↓↓↓

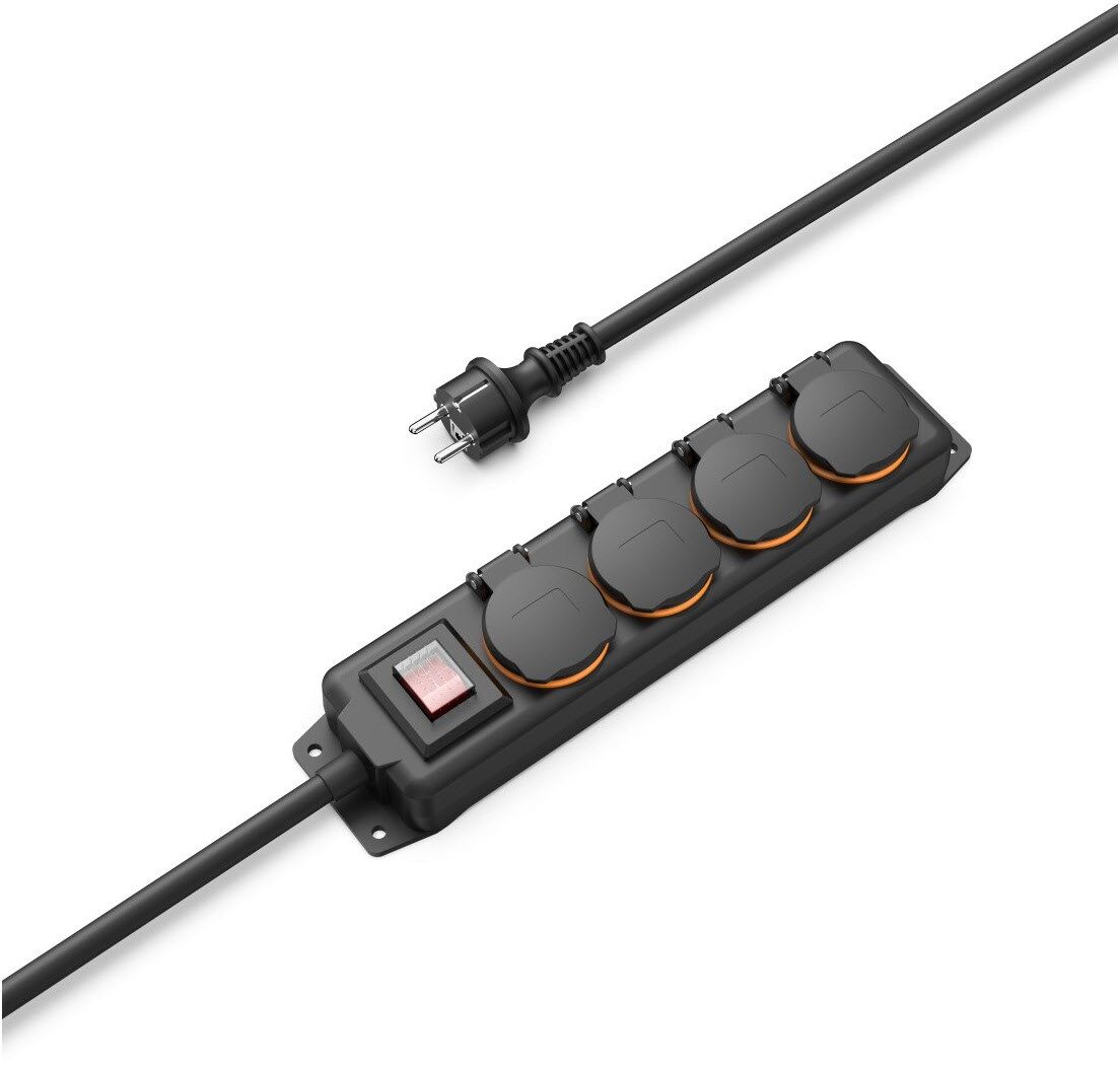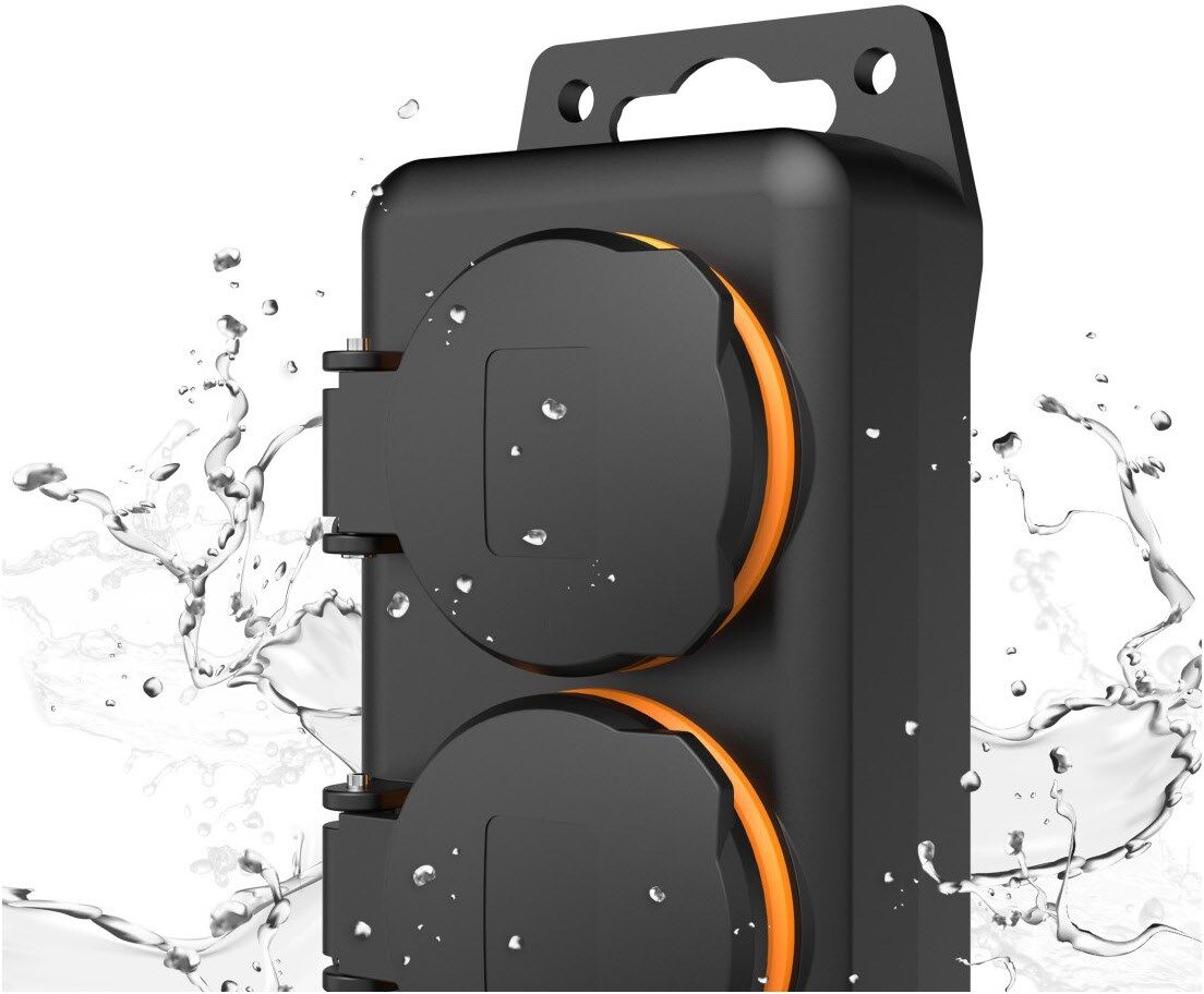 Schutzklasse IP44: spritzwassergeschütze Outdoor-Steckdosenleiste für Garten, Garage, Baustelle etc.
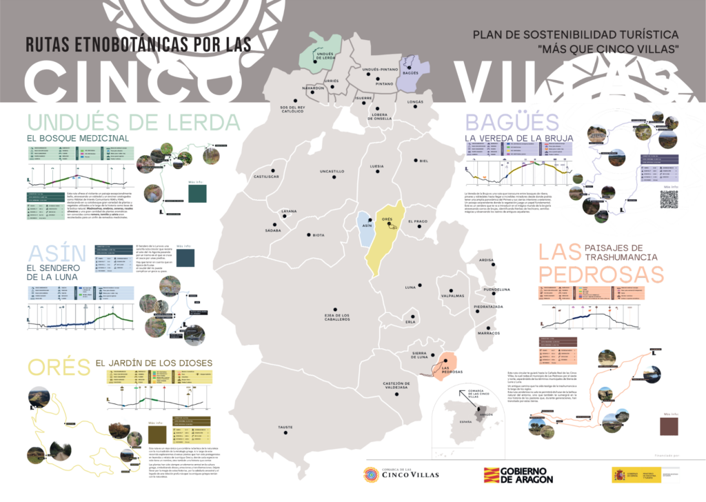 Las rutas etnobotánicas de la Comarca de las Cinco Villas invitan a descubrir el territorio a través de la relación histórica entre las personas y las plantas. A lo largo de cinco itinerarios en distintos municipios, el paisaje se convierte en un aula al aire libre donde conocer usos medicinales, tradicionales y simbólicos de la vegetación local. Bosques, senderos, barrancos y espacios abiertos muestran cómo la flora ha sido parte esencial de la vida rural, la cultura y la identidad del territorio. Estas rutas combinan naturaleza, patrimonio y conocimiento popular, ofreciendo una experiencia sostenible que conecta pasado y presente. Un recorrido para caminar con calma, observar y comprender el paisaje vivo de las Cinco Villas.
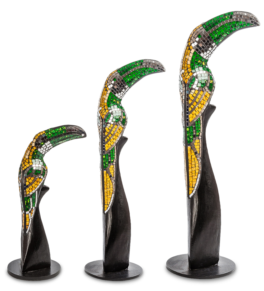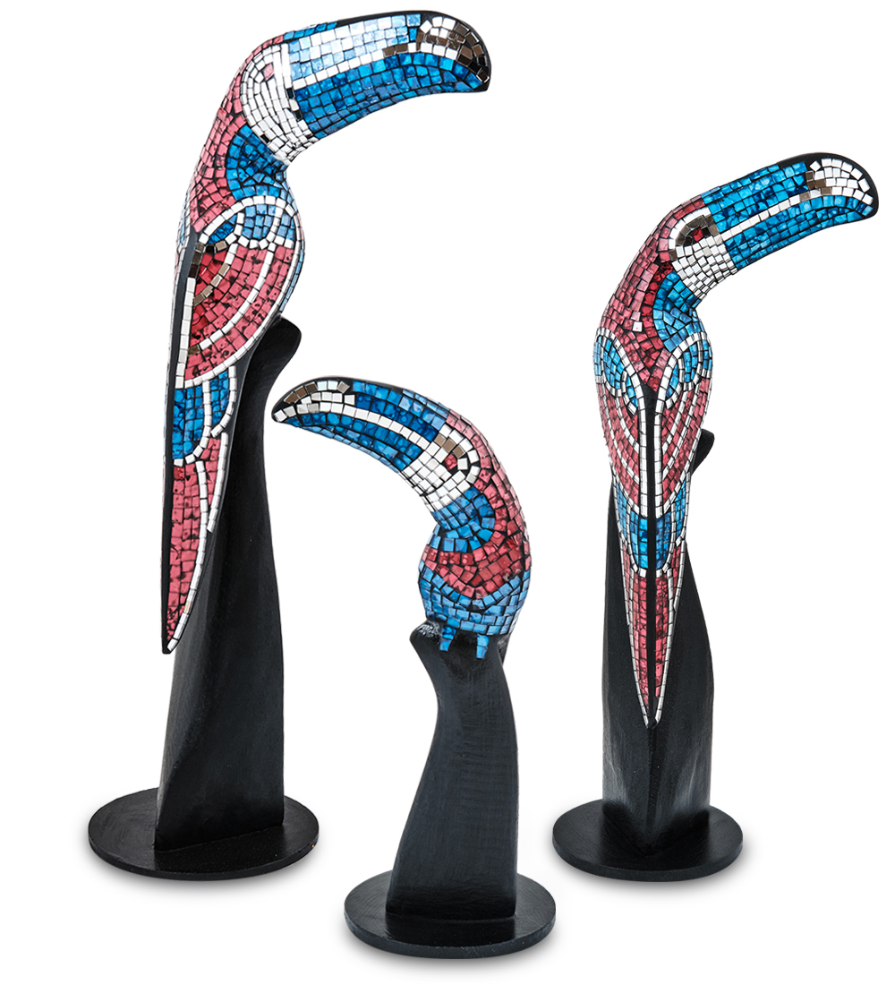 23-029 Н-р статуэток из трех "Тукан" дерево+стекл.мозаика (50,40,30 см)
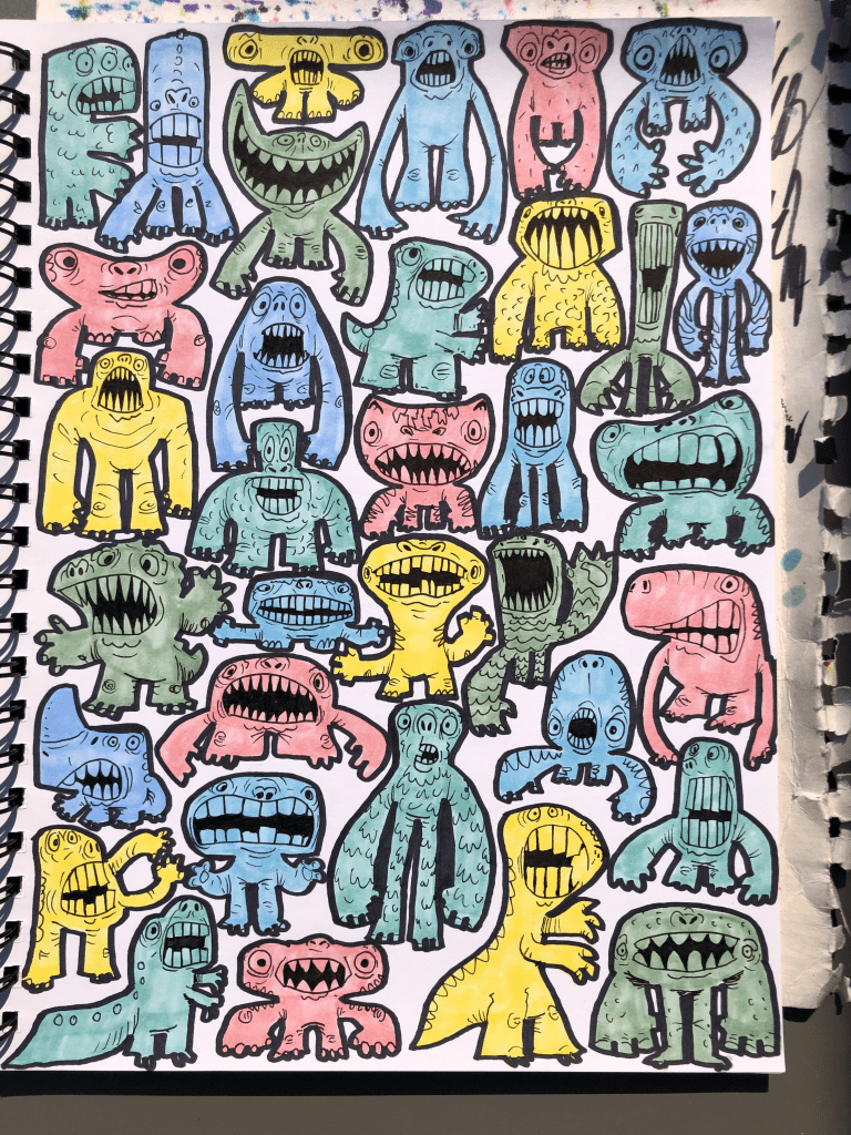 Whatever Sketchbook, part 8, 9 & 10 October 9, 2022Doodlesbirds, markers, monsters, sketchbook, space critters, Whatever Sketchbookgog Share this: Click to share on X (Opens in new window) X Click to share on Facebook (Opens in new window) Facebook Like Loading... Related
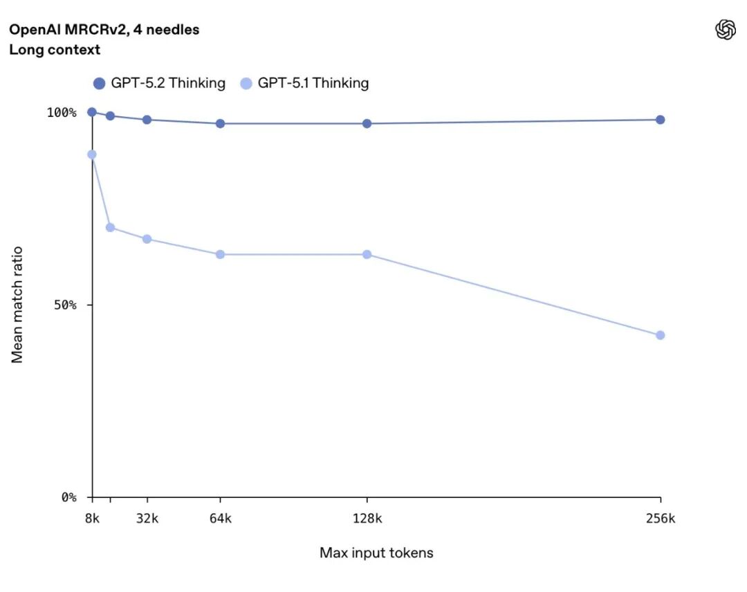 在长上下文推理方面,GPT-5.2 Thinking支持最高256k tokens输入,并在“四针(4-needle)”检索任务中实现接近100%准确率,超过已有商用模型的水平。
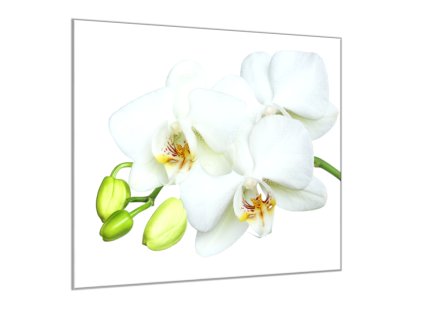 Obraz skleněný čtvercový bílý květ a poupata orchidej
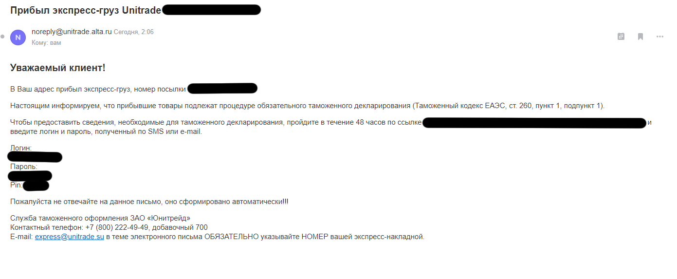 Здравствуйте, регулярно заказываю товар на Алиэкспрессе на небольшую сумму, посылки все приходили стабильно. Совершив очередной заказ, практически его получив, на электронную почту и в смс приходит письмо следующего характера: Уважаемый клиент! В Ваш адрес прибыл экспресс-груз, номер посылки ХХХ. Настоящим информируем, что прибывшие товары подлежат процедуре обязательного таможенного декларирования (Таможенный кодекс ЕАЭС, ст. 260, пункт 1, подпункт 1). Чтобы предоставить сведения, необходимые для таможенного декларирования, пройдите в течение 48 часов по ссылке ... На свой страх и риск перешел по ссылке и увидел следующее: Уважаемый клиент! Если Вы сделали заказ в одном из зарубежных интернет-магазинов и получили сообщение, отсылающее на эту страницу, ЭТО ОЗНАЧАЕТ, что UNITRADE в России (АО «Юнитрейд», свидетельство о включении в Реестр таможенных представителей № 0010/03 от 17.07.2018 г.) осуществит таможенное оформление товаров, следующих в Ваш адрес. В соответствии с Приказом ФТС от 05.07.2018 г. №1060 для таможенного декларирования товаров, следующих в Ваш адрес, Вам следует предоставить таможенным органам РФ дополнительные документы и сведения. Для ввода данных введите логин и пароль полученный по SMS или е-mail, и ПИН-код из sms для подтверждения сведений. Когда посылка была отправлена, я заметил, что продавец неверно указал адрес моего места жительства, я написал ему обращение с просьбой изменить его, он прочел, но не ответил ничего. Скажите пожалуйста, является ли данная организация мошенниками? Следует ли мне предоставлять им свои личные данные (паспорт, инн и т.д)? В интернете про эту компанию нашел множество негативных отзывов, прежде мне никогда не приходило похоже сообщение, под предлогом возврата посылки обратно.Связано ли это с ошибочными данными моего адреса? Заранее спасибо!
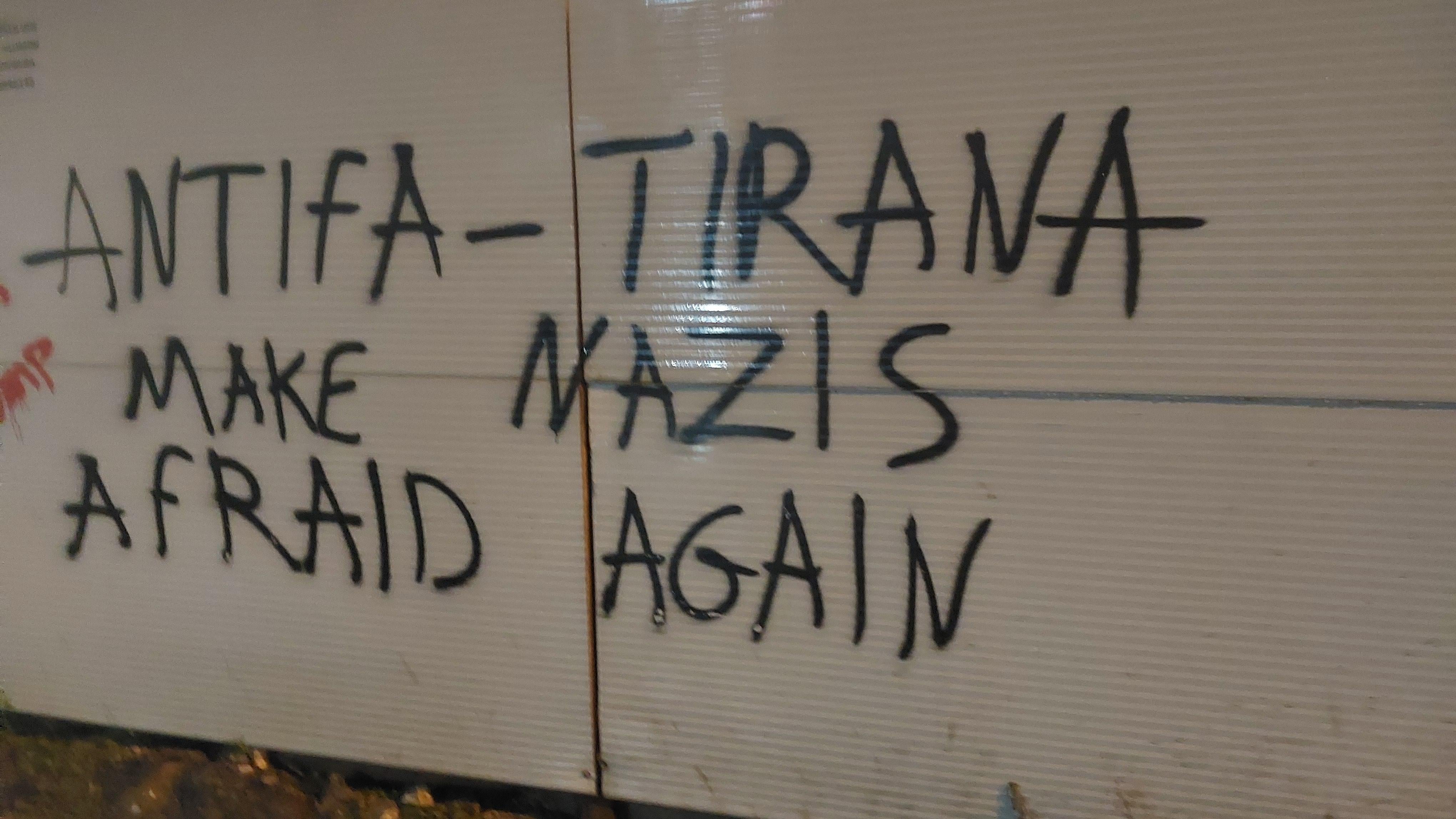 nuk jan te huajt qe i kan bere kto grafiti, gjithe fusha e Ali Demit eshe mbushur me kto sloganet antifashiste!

↑↑↑

• **Task description**
To complete this exercise, transcribe exactly the lines above from the one that holds "Las rutas etnobotánicas" through the one that holds "Obraz skleněný čtvercový". Pictures stay out.

• **Exercise answer**
 Las rutas etnobotánicas de la Comarca de las Cinco Villas invitan a descubrir el territorio a través de la relación histórica entre las personas y las plantas. A lo largo de cinco itinerarios en distintos municipios, el paisaje se convierte en un aula al aire libre donde conocer usos medicinales, tradicionales y simbólicos de la vegetación local. Bosques, senderos, barrancos y espacios abiertos muestran cómo la flora ha sido parte esencial de la vida rural, la cultura y la identidad del territorio. Estas rutas combinan naturaleza, patrimonio y conocimiento popular, ofreciendo una experiencia sostenible que conecta pasado y presente. Un recorrido para caminar con calma, observar y comprender el paisaje vivo de las Cinco Villas.
 23-029 Н-р статуэток из трех "Тукан" дерево+стекл.мозаика (50,40,30 см)
 Whatever Sketchbook, part 8, 9 & 10 October 9, 2022Doodlesbirds, markers, monsters, sketchbook, space critters, Whatever Sketchbookgog Share this: Click to share on X (Opens in new window) X Click to share on Facebook (Opens in new window) Facebook Like Loading... Related
 在长上下文推理方面,GPT-5.2 Thinking支持最高256k tokens输入,并在“四针(4-needle)”检索任务中实现接近100%准确率,超过已有商用模型的水平。
 Obraz skleněný čtvercový bílý květ a poupata orchidej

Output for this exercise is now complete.